What you should do: Word for word, reproduce the records, keeping none of the pictures.

** Opening Records to process block **

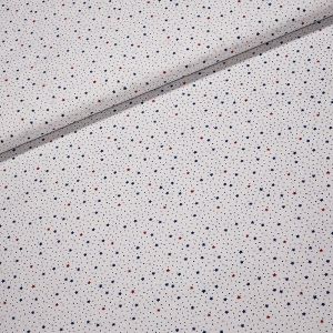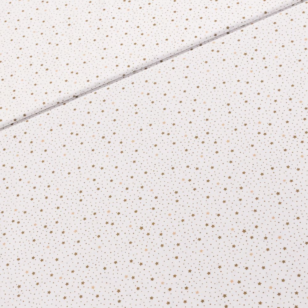 Bavlněná látka (tkanina) se vzorem béžových drobných hvězdiček na bílém podkladu. Látka je v šířce 160 cm, vyrobena ze 100% bavlny (gramáž 135g/m2) v plátnové vazbě. Vzor látky je natištěn jen z jedné strany z druhé strany je látka bez potisku.
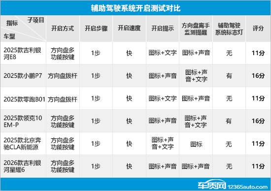在辅助驾驶系统开启测试对比中,2025款小鹏P7(以下简称:小鹏P7)和2025款零跑B01(以下简称:零跑B01)采用方向盘拨杆开启,其余车型均采用方向盘多功能按键开启。开启步骤方面,6款车型均只需1步,并且开启速度快,日常使用便捷。开启提示方面,仅2025款北京奔驰CLA新能源(以下简称:奔驰CLA新能源)提供三种提示方式,其余车型均为两种提示方式。此外,6款车型均配备方向盘离手监测提醒功能,除奔驰CLA新能源仅支持图标提醒外,其余车型都具备两种及以上提醒方式。值得一提的是,小鹏P7和2025款领克10 EM-P(以下简称:领克10 EM-P)还配备了辅助驾驶系统标志灯,能够为其他道路参与者提供明显提示。
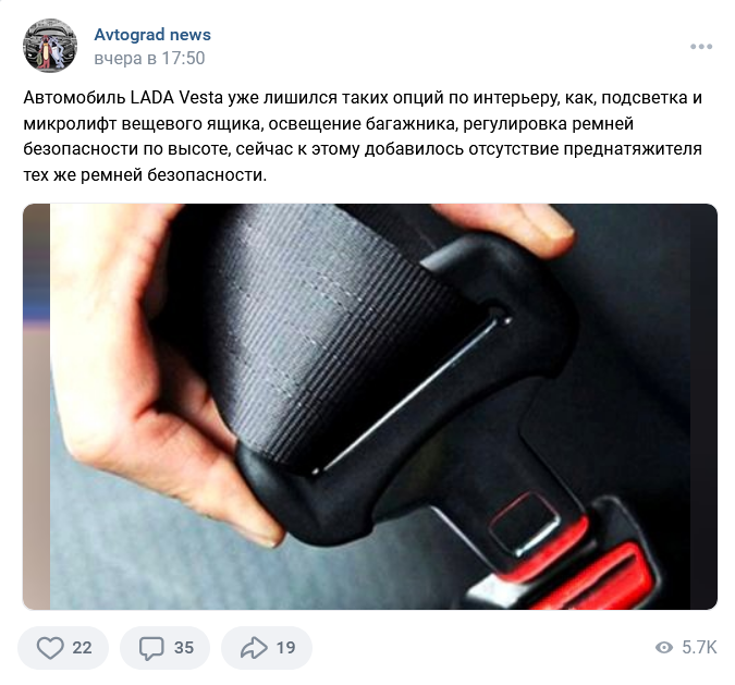 АвтоВАЗ нашел нового поставщика ремней безопасности для автомобилей LADA Granta. Им стала компания из КНР. С 8 декабря они уже устанавливаются на товарные машины», — сообщили в Avtograd News
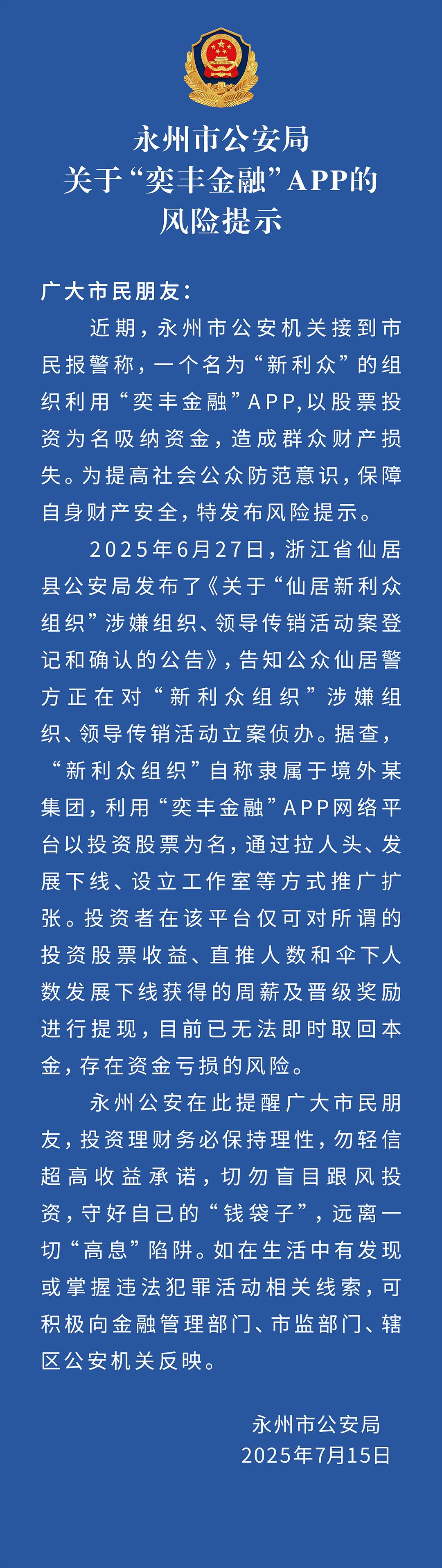 转载请标注:信息网——永州公安:关于“奕丰金融”APP的风险提示
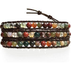 Features: Handwoven genuine leather bracelet with beautiful India agate beads, designed to wrap around your wrist up to three times for a versatile look. Easy adjustable stainless steel snap buttons for a perfect fit. Perfect for adding a boho-chic touch to any outfit.
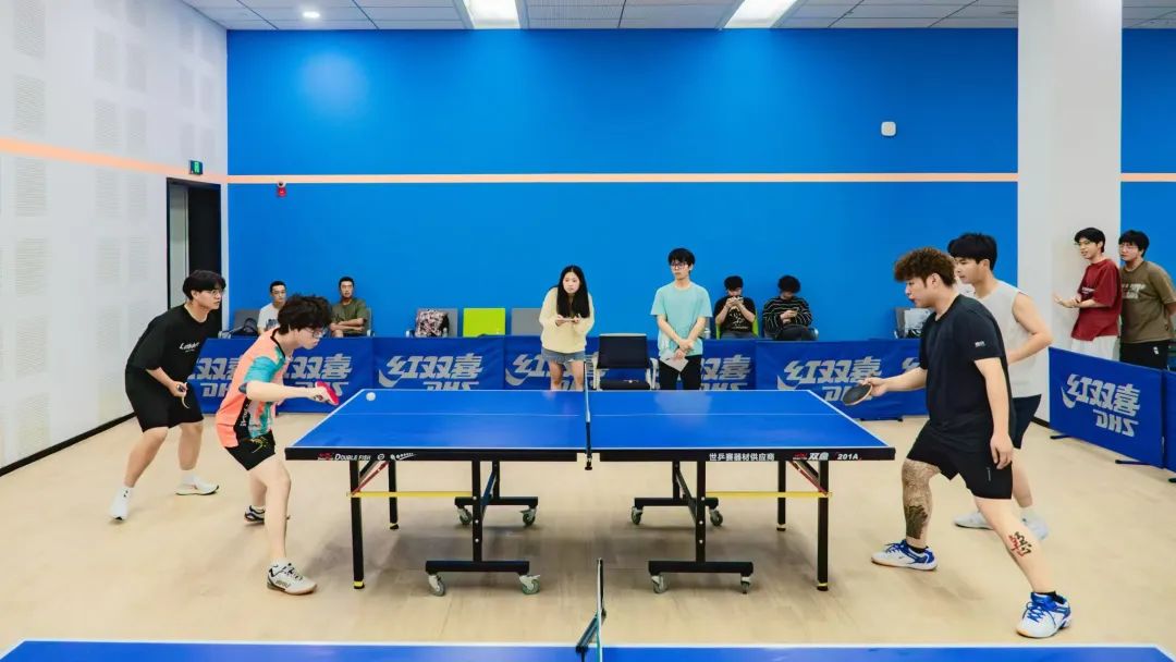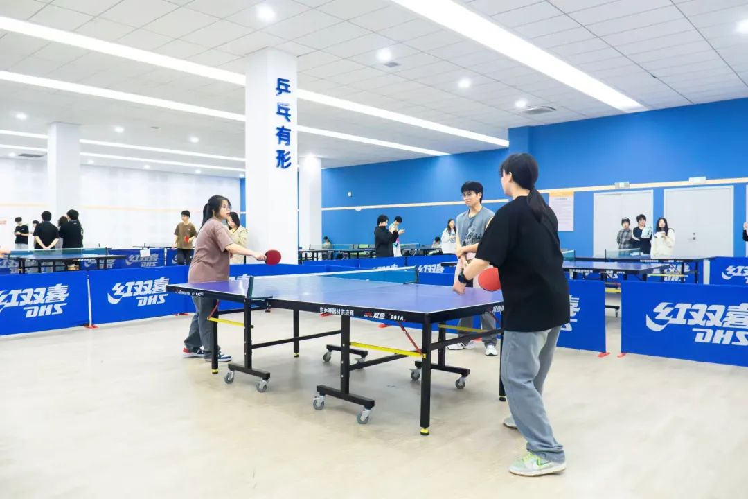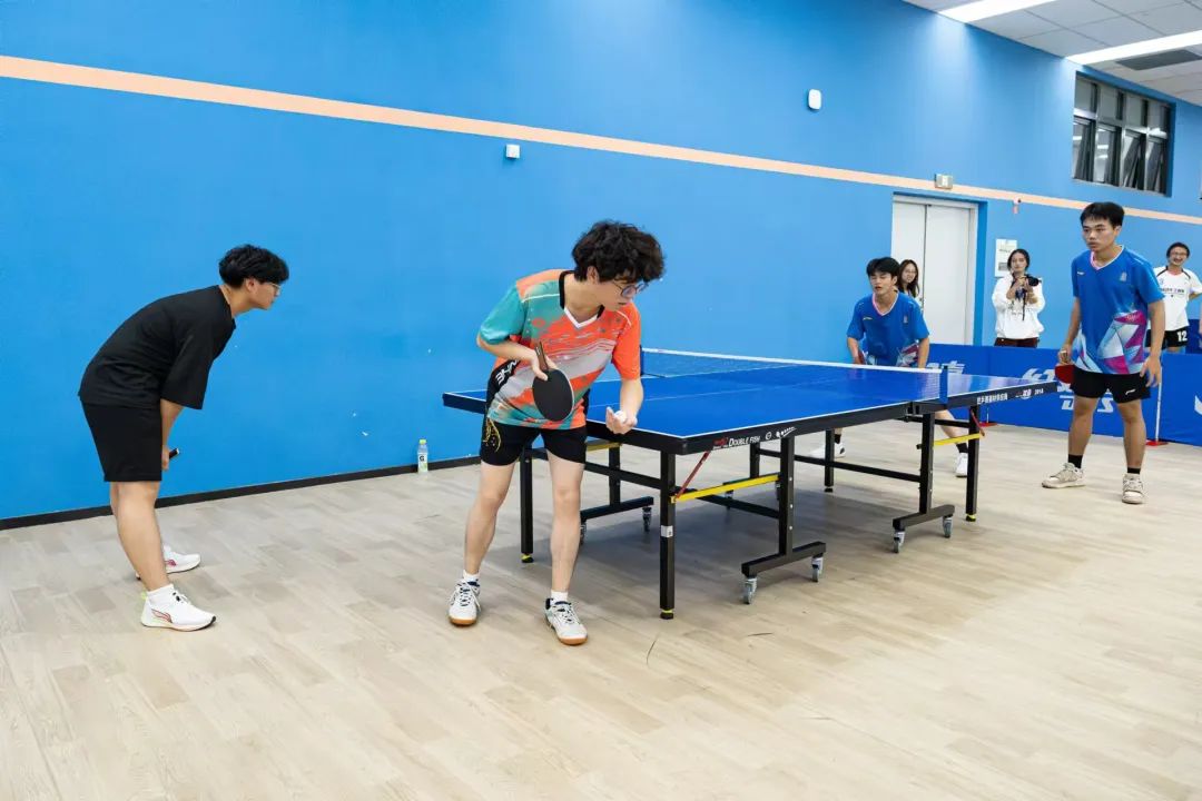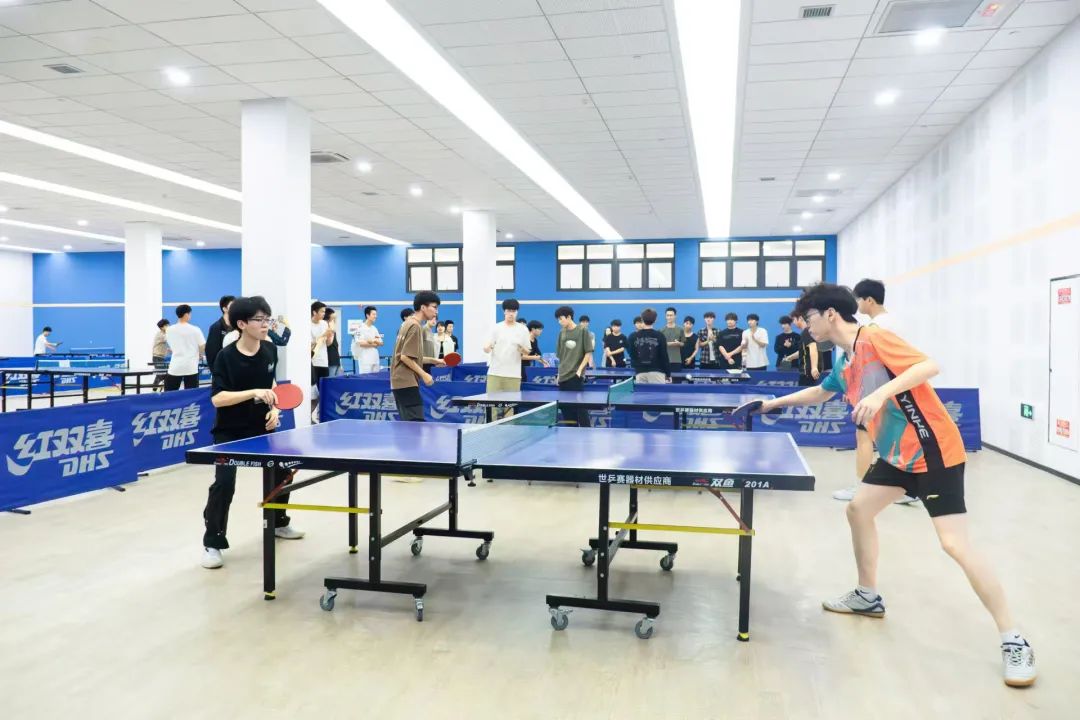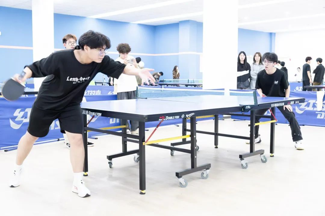 判断球的落点,瞬间做出决策,双方选手凭借精湛的个人技艺和默契的团队配合,多次上演快攻得分、巧妙发球等精彩瞬间,攻防转换迅速,比赛节奏紧凑,速度与技巧在每一次交锋中完美展现。这是乒乓球选手的一门默契和智慧,每一个回合都是他们战斗的见证,每一次精准的扣杀、每一次巧妙的发球,都赢得了观众席上如潮般的掌声,观战的同学们情绪高涨,不断为自己支持的队伍呐喊助威,加油声、欢呼声此起彼伏,整个赛场沉浸在一片热烈而紧张的氛围之中。

** Closing Records to process block **

Result of the task:
 Bavlněná látka (tkanina) se vzorem béžových drobných hvězdiček na bílém podkladu. Látka je v šířce 160 cm, vyrobena ze 100% bavlny (gramáž 135g/m2) v plátnové vazbě. Vzor látky je natištěn jen z jedné strany z druhé strany je látka bez potisku.
在辅助驾驶系统开启测试对比中,2025款小鹏P7(以下简称:小鹏P7)和2025款零跑B01(以下简称:零跑B01)采用方向盘拨杆开启,其余车型均采用方向盘多功能按键开启。开启步骤方面,6款车型均只需1步,并且开启速度快,日常使用便捷。开启提示方面,仅2025款北京奔驰CLA新能源(以下简称:奔驰CLA新能源)提供三种提示方式,其余车型均为两种提示方式。此外,6款车型均配备方向盘离手监测提醒功能,除奔驰CLA新能源仅支持图标提醒外,其余车型都具备两种及以上提醒方式。值得一提的是,小鹏P7和2025款领克10 EM-P(以下简称:领克10 EM-P)还配备了辅助驾驶系统标志灯,能够为其他道路参与者提供明显提示。
 АвтоВАЗ нашел нового поставщика ремней безопасности для автомобилей LADA Granta. Им стала компания из КНР. С 8 декабря они уже устанавливаются на товарные машины», — сообщили в Avtograd News
 转载请标注:信息网——永州公安:关于“奕丰金融”APP的风险提示
 Features: Handwoven genuine leather bracelet with beautiful India agate beads, designed to wrap around your wrist up to three times for a versatile look. Easy adjustable stainless steel snap buttons for a perfect fit. Perfect for adding a boho-chic touch to any outfit.
 判断球的落点,瞬间做出决策,双方选手凭借精湛的个人技艺和默契的团队配合,多次上演快攻得分、巧妙发球等精彩瞬间,攻防转换迅速,比赛节奏紧凑,速度与技巧在每一次交锋中完美展现。这是乒乓球选手的一门默契和智慧,每一个回合都是他们战斗的见证,每一次精准的扣杀、每一次巧妙的发球,都赢得了观众席上如潮般的掌声,观战的同学们情绪高涨,不断为自己支持的队伍呐喊助威,加油声、欢呼声此起彼伏,整个赛场沉浸在一片热烈而紧张的氛围之中。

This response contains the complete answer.